What you need to do ->
In the listing that follows, the lines starting at the one containing "術前術后影像對比(紅色箭頭所指位置為狹窄處)" and ending at the one containing "The statistics for" are to be returned exactly, both boundary lines included, and no others.

Exercise data ->
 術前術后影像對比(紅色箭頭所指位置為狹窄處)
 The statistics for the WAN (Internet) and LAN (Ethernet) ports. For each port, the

* * *

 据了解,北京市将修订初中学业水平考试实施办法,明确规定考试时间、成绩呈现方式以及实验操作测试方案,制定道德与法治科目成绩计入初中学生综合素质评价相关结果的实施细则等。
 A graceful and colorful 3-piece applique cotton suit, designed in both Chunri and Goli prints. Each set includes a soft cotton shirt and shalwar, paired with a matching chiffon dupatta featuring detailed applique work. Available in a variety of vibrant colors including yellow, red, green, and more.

Solution to this task ->
 術前術后影像對比(紅色箭頭所指位置為狹窄處)
 The statistics for the WAN (Internet) and LAN (Ethernet) ports. For each port, the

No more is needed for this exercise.